We find some difficulties since this is an open label study. This results from the clinicians giving the treatment at discretion, an action that modifies the end result. The exploratory data analysis, with the box-plot, doesn’t show much variation between the variables. However, the statistic proofs do show a statistic significance in the recovery rate that was higher in the treatment group as compared with the control group. The median time to recovery of fever (2 vs. 3 days). Fatigue (3 vs. 6 days) and coughing (7 vs. 10 days) was shorter in the treatment group. The improvement in chest computed tomographic was higher in the treatment group.

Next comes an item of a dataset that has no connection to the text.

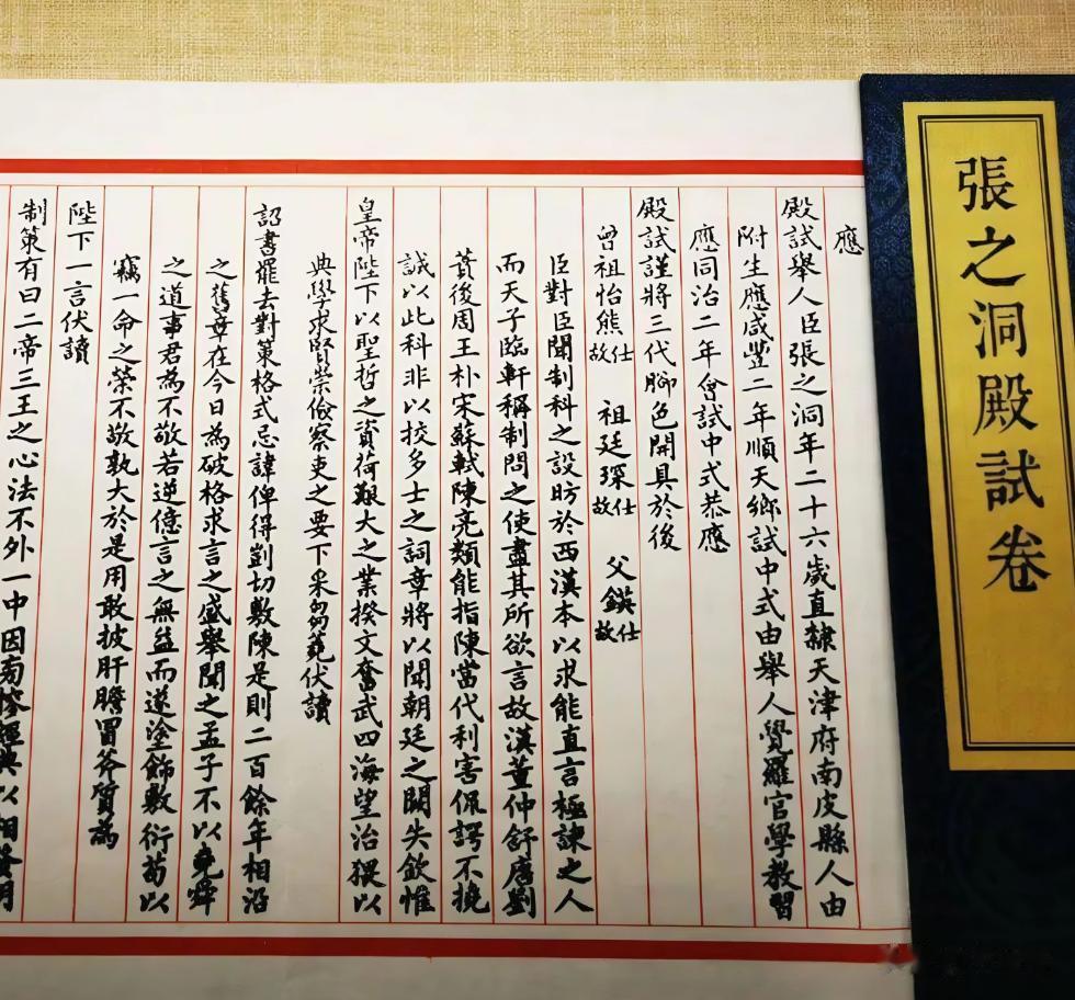 殿试作为古代科举最高等级的考试,不仅考察治国见解,书写工整度更是重要评分标准,张之洞的这份答卷,对仗工整、疏密均匀,字字精致、笔笔严谨,仅凭书写,就足以配得上“探花”头衔。

However, both groups did not differ in the rate of conversion to severe cases or viral assay findings. In light of the apparent efficacy, safety profiles and no serious adverse events reported, the LH capsules could be considered for further studies in the symptomatic treatment of Covid-19 in a much larger scale.

Infectious Disease rater

Like most Western physicians, I have no experience with this treatment. It may be effective but the biologic basis is unclear and the differences, although statistically significant, may be more of a symptom abbreviation. It would be extremely useful to see corroboration in another setting.

Infectious Disease rater

The study demonstrates that lianhuaqingwen provides symptomatic therapy for less severe COVID-19 cases. This is expected given similar effect in patients with influenza. There is, however, no effect on prevention of disease progression. This argues against the pharmacologic properties of lianhuaqingwen.

Intensivist/Critical Care rater

This open-label trial with subjective endpoints is of limited value regarding the potential efficacy of the studied compound.

Intensivist/Critical Care rater

This article needs more summarising and discussion.

Public Health rater

I am bothered by the lack of blinding of subjects and persons assessing results (except the radiologist) and believe the rationale for not blinding was not adequate.

Respirology/Pulmonology rater

There are some problems with the open label design of the study, as there was no systematic method to collect symptoms or to conceal treatment to the observers, except for TC. Some of the outcomes, however, seem robust and suggest a mild anti-inflammatory effect.

Respirology/Pulmonology rater

I cast serious doubt on the results of this article. No one knows what kind of “medicine” it is.